```{contents}
```
## Quality Evaluation

### 1. Motivation

Generative AI systems produce **open-ended outputs** (text, images, code, audio).
Unlike classification, there is **no single correct answer**, making evaluation a central scientific challenge.

Quality evaluation answers:

* *Is the output correct?*
* *Is it useful and aligned with the task?*
* *Is it safe and reliable?*
* *Is it better than previous models?*

---

### 2. Core Dimensions of Quality

| Dimension                      | Meaning                                  | Typical Failures            |
| ------------------------------ | ---------------------------------------- | --------------------------- |
| **Correctness / Faithfulness** | Matches facts, input, or ground truth    | Hallucinations              |
| **Relevance**                  | Addresses the prompt intent              | Off-topic generation        |
| **Coherence**                  | Logically consistent and well-structured | Contradictions              |
| **Fluency**                    | Grammatically and stylistically natural  | Awkward language            |
| **Completeness**               | Covers required information              | Missing key content         |
| **Safety & Alignment**         | Avoids harmful or biased outputs         | Toxicity, policy violations |
| **Usefulness**                 | Helps user accomplish task               | Vague, low utility          |

---

### 3. Taxonomy of Evaluation Methods

### 3.1 Automatic Metrics (Reference-Based)

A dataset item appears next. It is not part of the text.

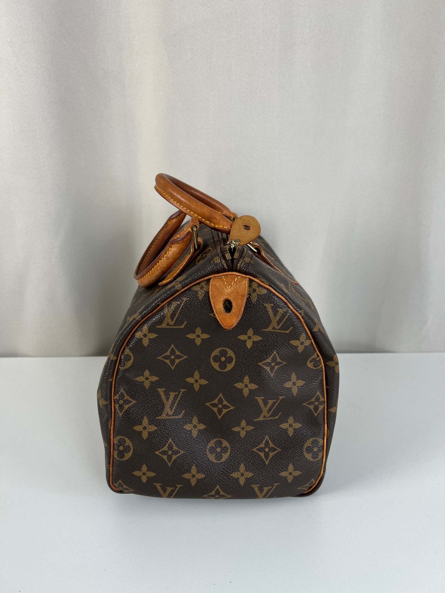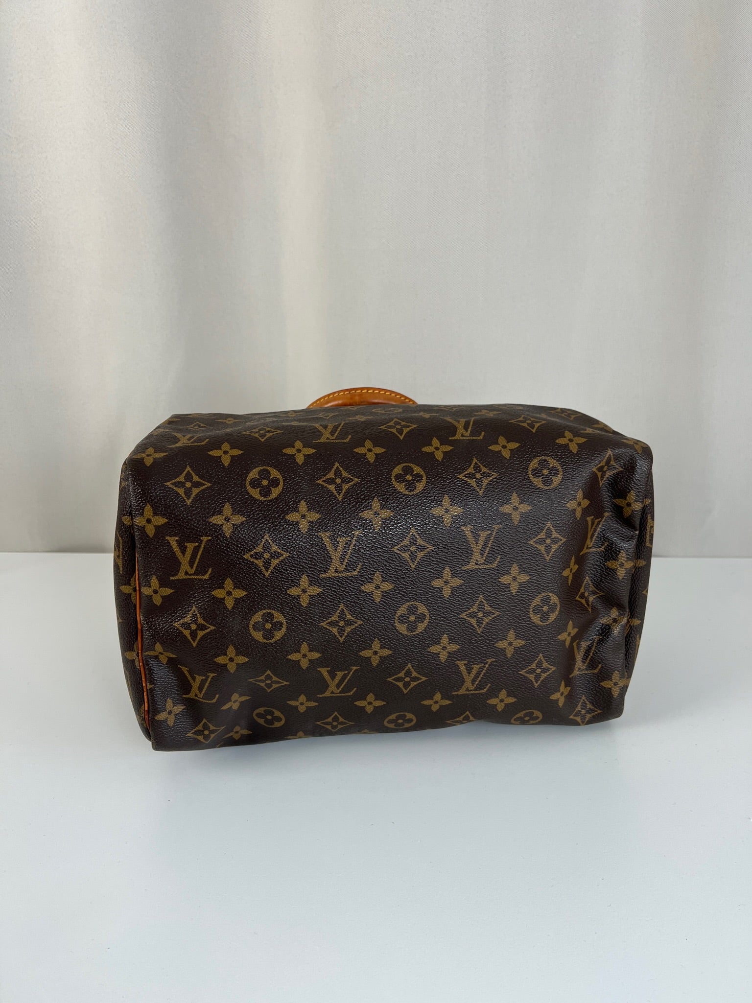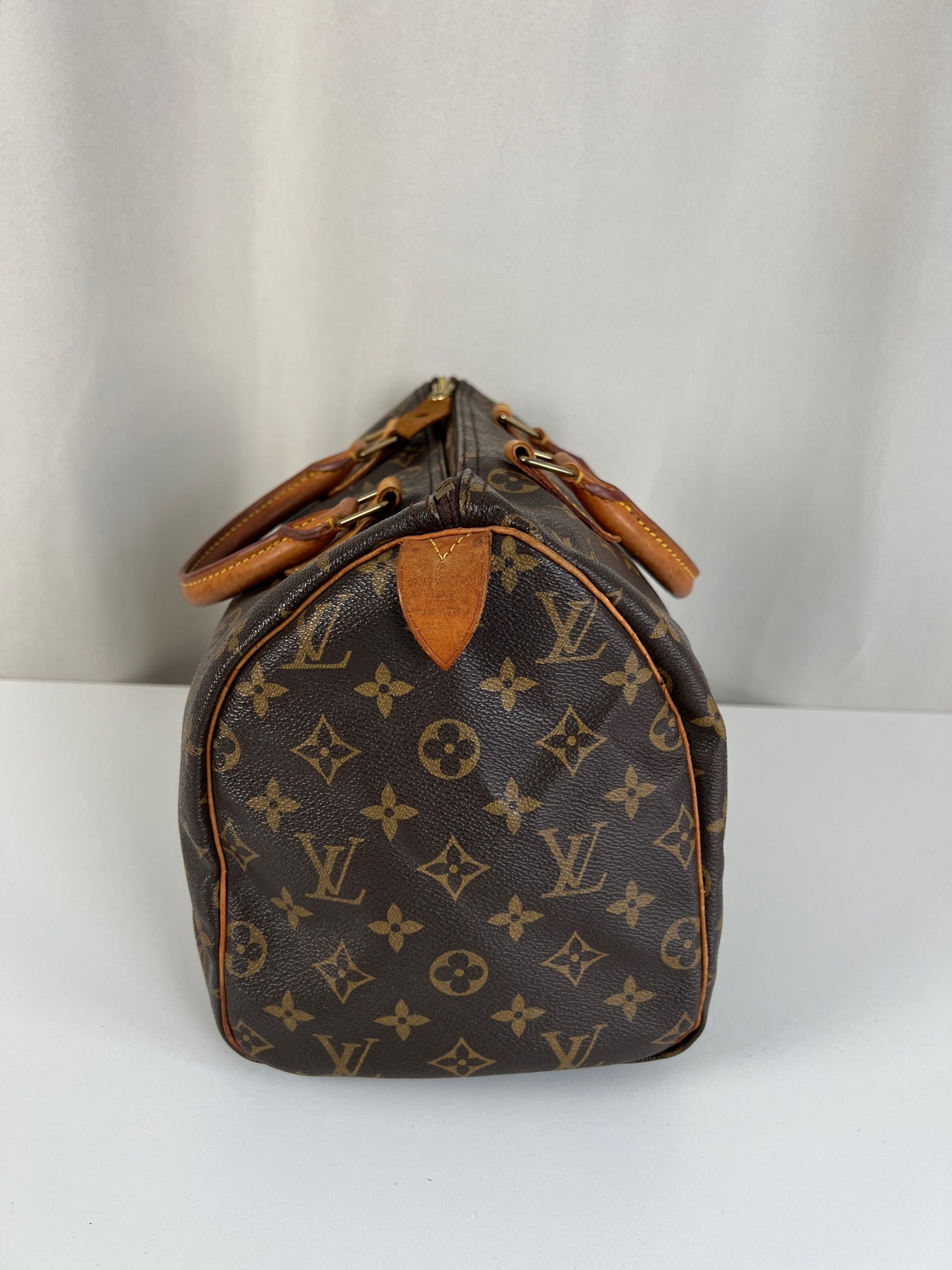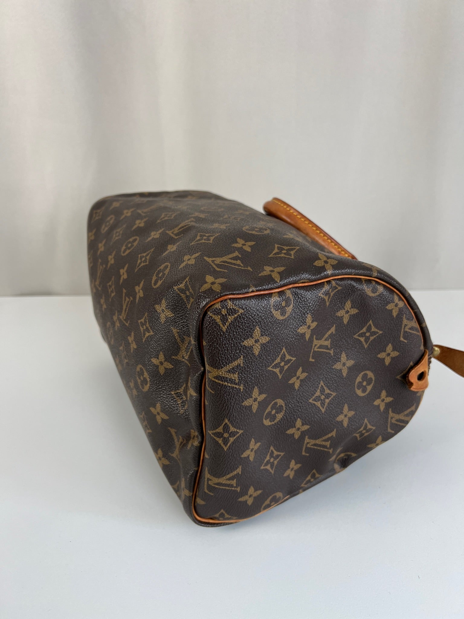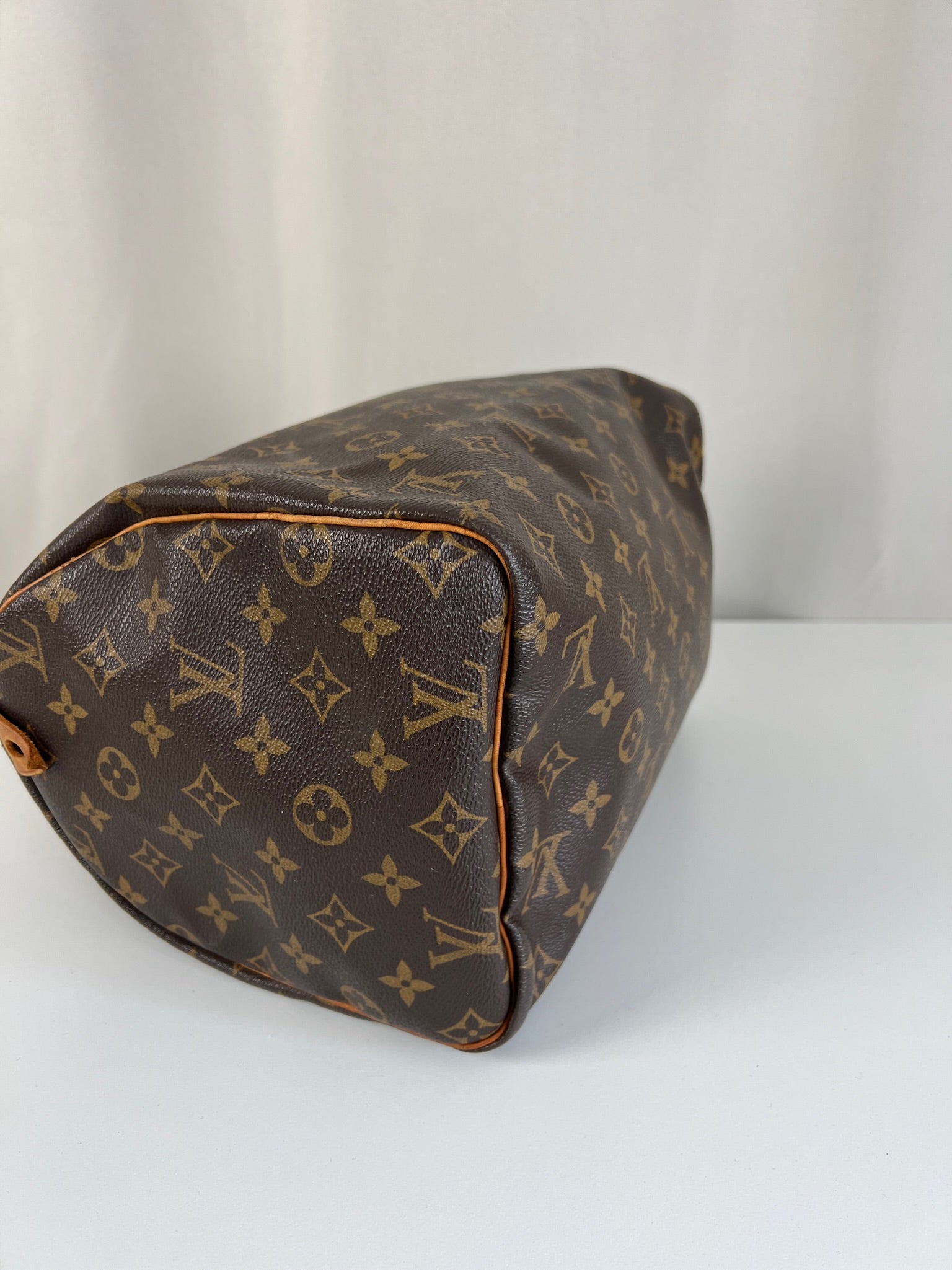 This Louis Vuitton Speedy is in good condition. The canvas is in very good condition. The leather part and the corner are in good condition, tanned. The handles are tanned and in good condition. The interior is in good condition but have little stains inside.

Used when **ground truth references** exist.

| Metric           | Domain           | Measures                |
| ---------------- | ---------------- | ----------------------- |
| BLEU             | MT, text         | n-gram precision        |
| ROUGE            | Summarization    | n-gram recall           |
| METEOR           | MT               | Alignment with synonyms |
| CIDEr            | Image captioning | Consensus similarity    |
| Exact Match / F1 | QA               | String overlap          |

**Limitation:**
Surface-level matching ≠ semantic correctness.

---

### 3.2 Automatic Metrics (Reference-Free)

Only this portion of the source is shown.